▶ **PROBLEM REQUIREMENTS**
A word-for-word copy of the data is what's wanted; pictures stay out of it.

### EXERCISE DATA ###

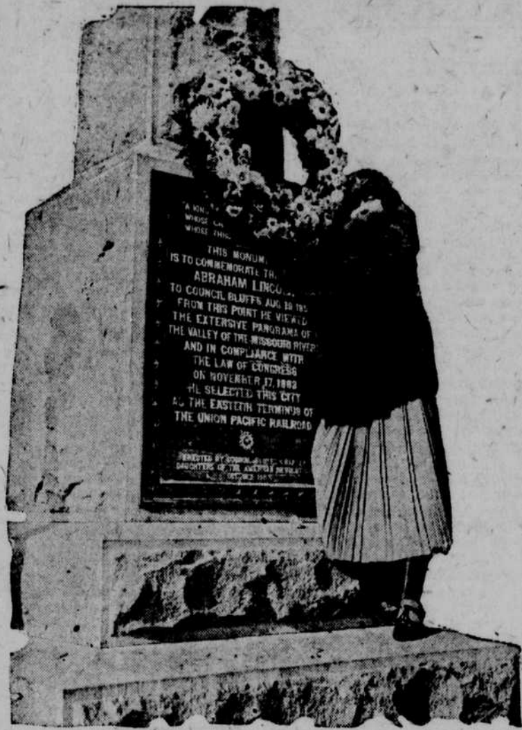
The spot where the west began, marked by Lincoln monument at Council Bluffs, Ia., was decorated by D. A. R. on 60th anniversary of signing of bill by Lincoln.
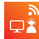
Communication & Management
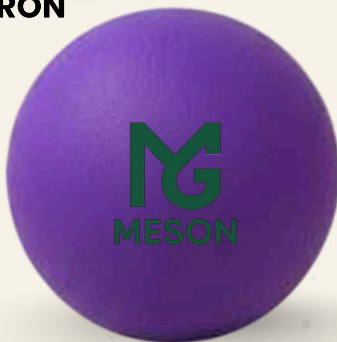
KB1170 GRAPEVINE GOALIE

###

▶ **YOUR RESPONSE**
The spot where the west began, marked by Lincoln monument at Council Bluffs, Ia., was decorated by D. A. R. on 60th anniversary of signing of bill by Lincoln.
Communication & Management
KB1170 GRAPEVINE GOALIE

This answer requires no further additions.